• _REQUIREMENT_
Leaving out the images, please output every entry exactly as it appears.

Stored entries
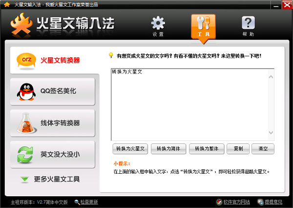 火星文输入法中文版为你提供了可以直接生成火星文的软件,你再也不需要进行可以的修改成火星文了。而且它还与很多其他的功能,比如说将正常的文字批量修改成火星文等等。软件小巧好用,喜欢的朋友快来下载试用吧!
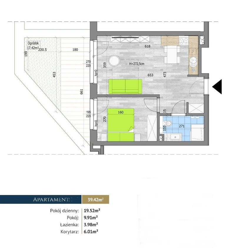 Mit einer Wohnfläche von 41 m² bietet das Apartment ein komfortables Zuhause für Singles oder Paare. Die offene Küche mit Durchreiche schafft eine freundliche und kommunikative Atmosphäre zum Kochen und Verweilen. Das Badezimmer ist funktional ausgestattet.
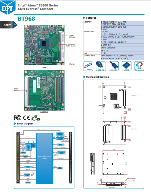 1、Dual Channel DDR3L 1333MHz SODIMM up to 8GB
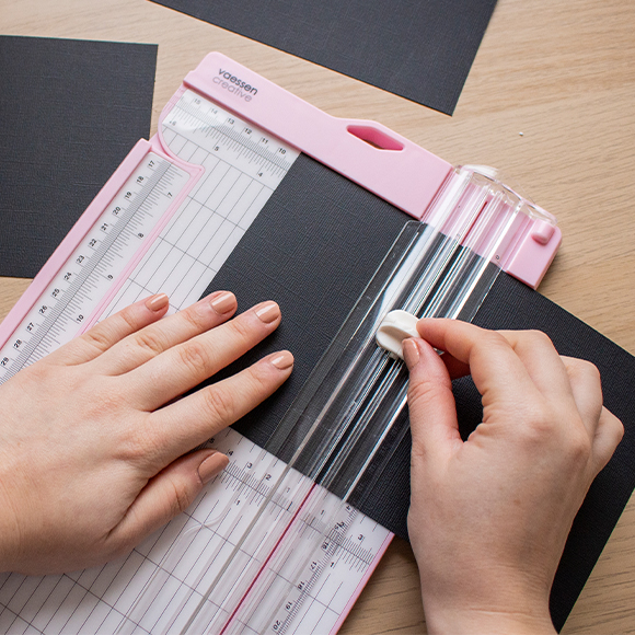 Schneiden Sie ein Rechteck von 13,5 x 9 cm aus schwarzem Karton aus.
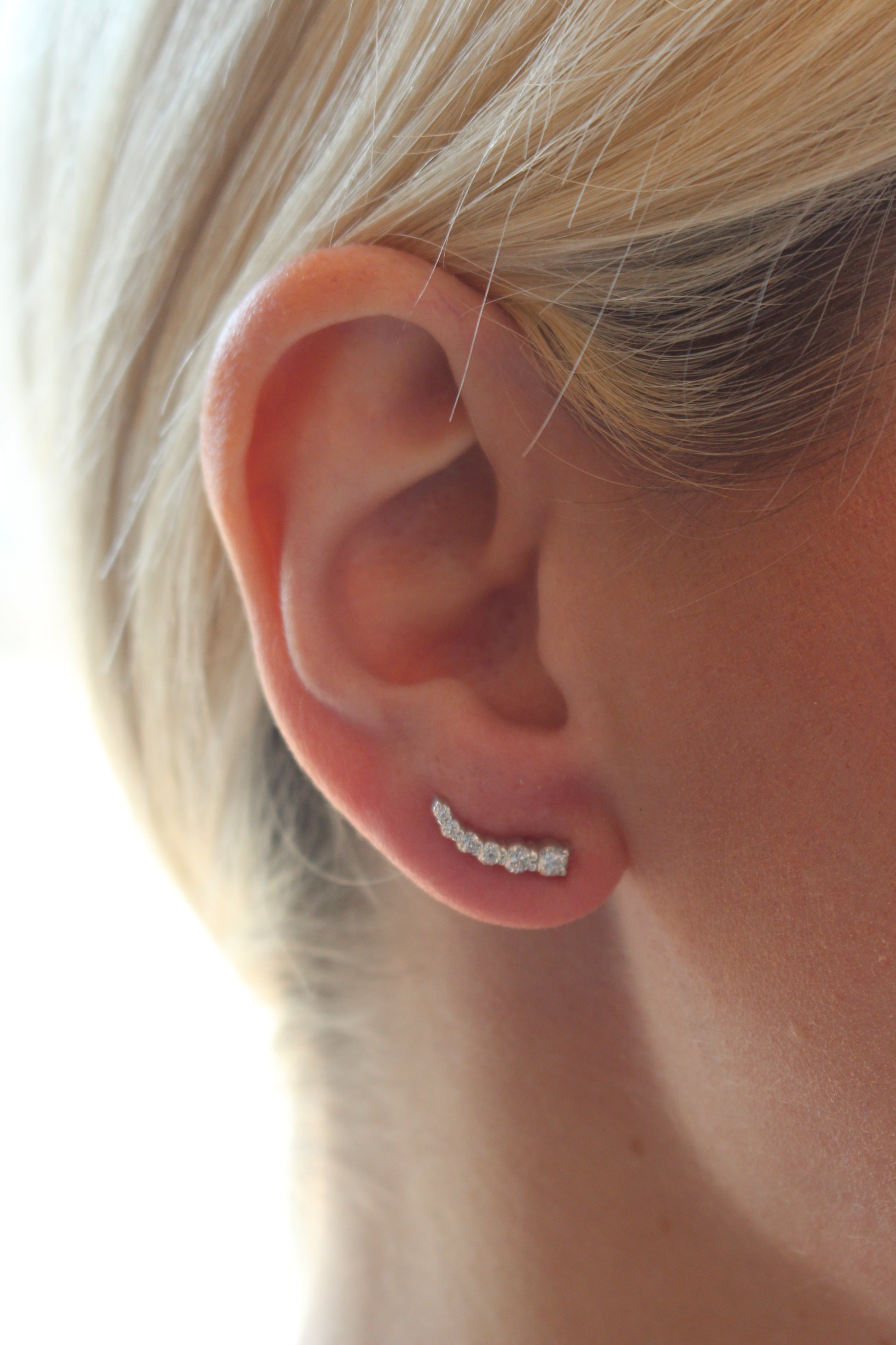 These earrings have 12 round brilliant cut graduated diamonds that climb up the ear. These earing climbers are noticeable and sparkle. The backs are friction/butterfly backs also in 14kt white gold. Currently, these earrings are available for next day delivery in 14kt white gold but if you would like it in another metal, please call/text us at (630)355-7464 for availability time frame.
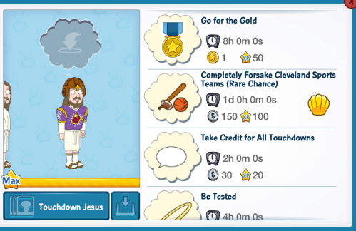Jesus’ Turn Water Into Clams and Touchdown Jesus’ Completely Foresake Cleveland Sports Teams are now just below their Going For Gold tasks. No more scrolling to the bottom to find it.
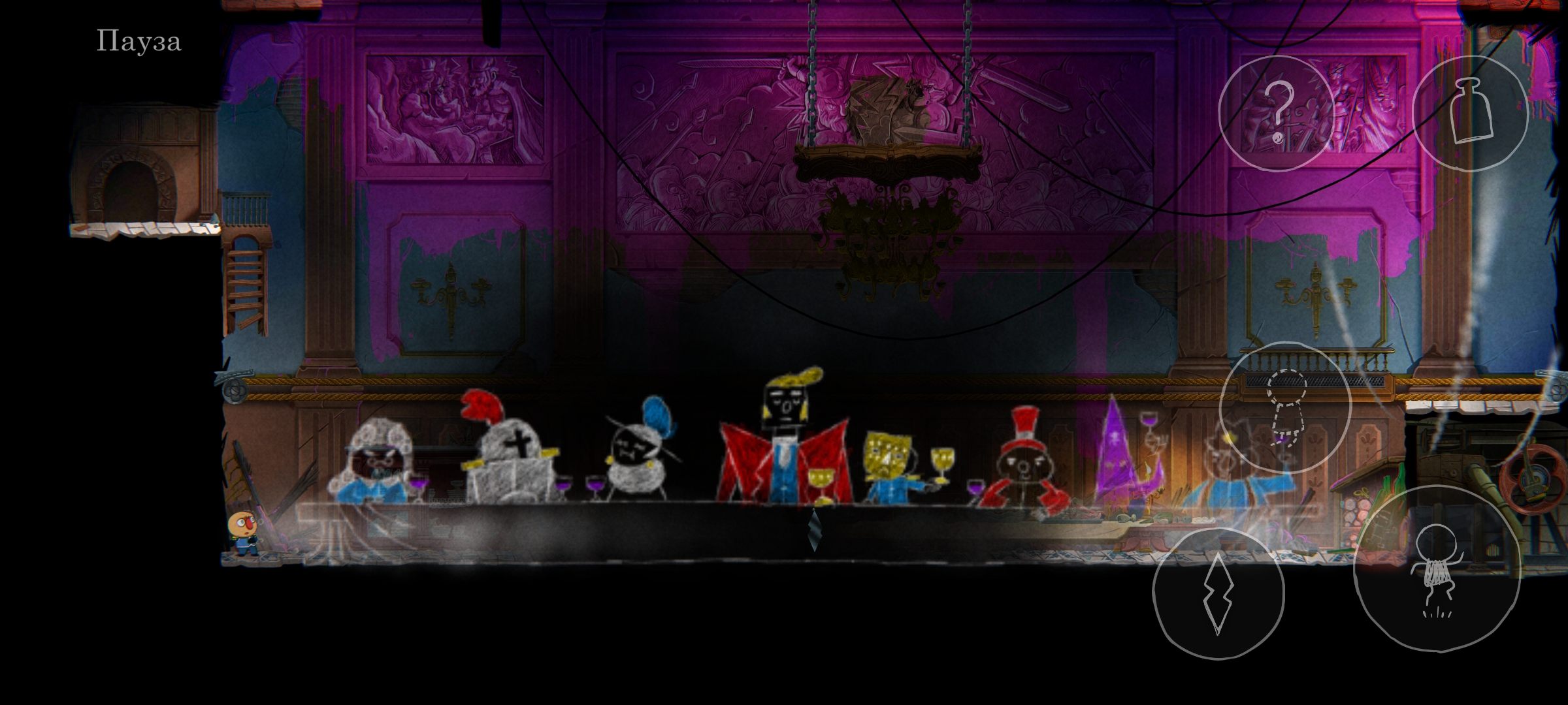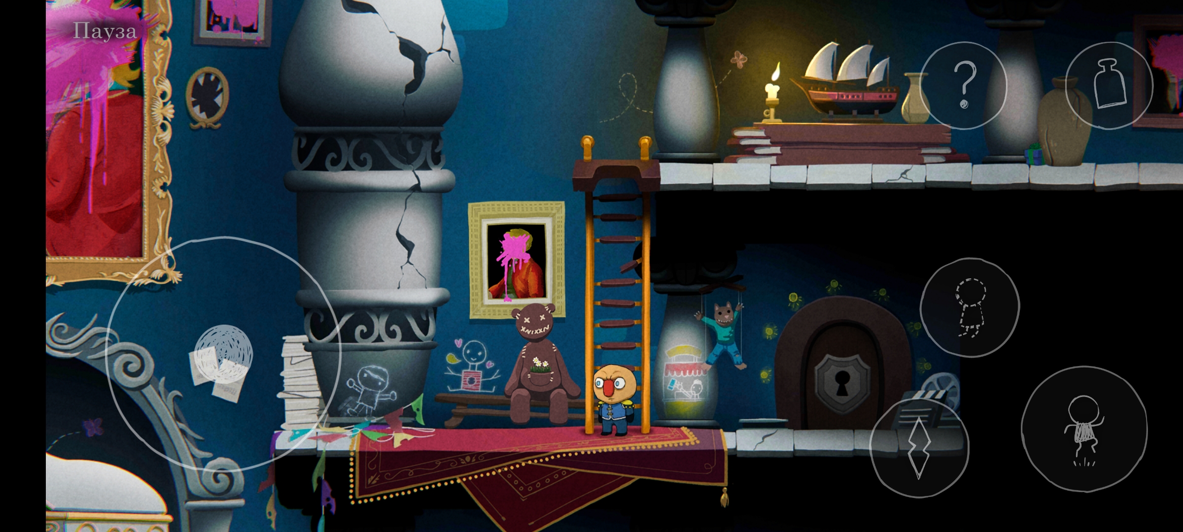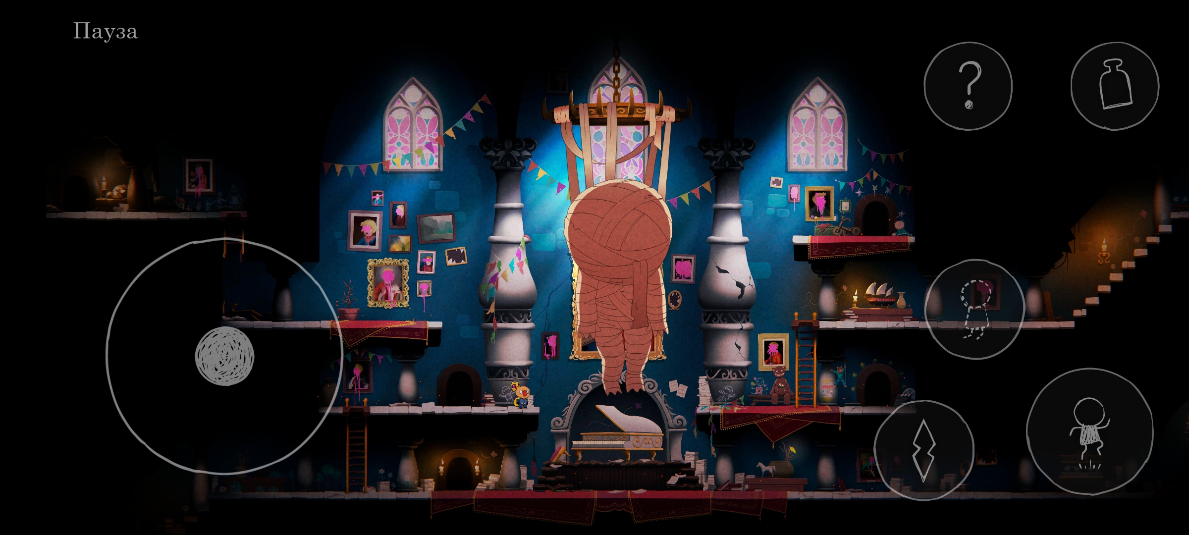 Сюжет Ugly подаётся через окружение и отдельные рисованные заставки, которые раскиданы по локациям. Чтобы посмотреть сценарные картинки, нужно находить специально обозначенные, несложные загадки, решение которых запускает изображение. Ни по содержанию, ни по визуалу заставки мне не зашли. А вот сюжет через окружение передан великолепно, хотя сама история пресная. Описание игры однозначно заявляет нам, что всё происходящее — это сон собаки, путешествие по глубинам разума, чего лично я в сценаристике терпеть не могу. Подсмыслы про несчастную семью аристократа (не спойлер, тоже есть в описании игры) не трогают, так как подаётся проблематика очень однобоко. Я не увидел тут вопросов социального расслоения, неравенства, интриг высших слоёв знати. И даже дилеммы отцов и детей, как по мне, показаны весьма поверхностно.

• _SOLUTION TO THE PROBLEM_
 火星文输入法中文版为你提供了可以直接生成火星文的软件,你再也不需要进行可以的修改成火星文了。而且它还与很多其他的功能,比如说将正常的文字批量修改成火星文等等。软件小巧好用,喜欢的朋友快来下载试用吧!
 Mit einer Wohnfläche von 41 m² bietet das Apartment ein komfortables Zuhause für Singles oder Paare. Die offene Küche mit Durchreiche schafft eine freundliche und kommunikative Atmosphäre zum Kochen und Verweilen. Das Badezimmer ist funktional ausgestattet.
 1、Dual Channel DDR3L 1333MHz SODIMM up to 8GB
 Schneiden Sie ein Rechteck von 13,5 x 9 cm aus schwarzem Karton aus.
 These earrings have 12 round brilliant cut graduated diamonds that climb up the ear. These earing climbers are noticeable and sparkle. The backs are friction/butterfly backs also in 14kt white gold. Currently, these earrings are available for next day delivery in 14kt white gold but if you would like it in another metal, please call/text us at (630)355-7464 for availability time frame.
Jesus’ Turn Water Into Clams and Touchdown Jesus’ Completely Foresake Cleveland Sports Teams are now just below their Going For Gold tasks. No more scrolling to the bottom to find it.
 Сюжет Ugly подаётся через окружение и отдельные рисованные заставки, которые раскиданы по локациям. Чтобы посмотреть сценарные картинки, нужно находить специально обозначенные, несложные загадки, решение которых запускает изображение. Ни по содержанию, ни по визуалу заставки мне не зашли. А вот сюжет через окружение передан великолепно, хотя сама история пресная. Описание игры однозначно заявляет нам, что всё происходящее — это сон собаки, путешествие по глубинам разума, чего лично я в сценаристике терпеть не могу. Подсмыслы про несчастную семью аристократа (не спойлер, тоже есть в описании игры) не трогают, так как подаётся проблематика очень однобоко. Я не увидел тут вопросов социального расслоения, неравенства, интриг высших слоёв знати. И даже дилеммы отцов и детей, как по мне, показаны весьма поверхностно.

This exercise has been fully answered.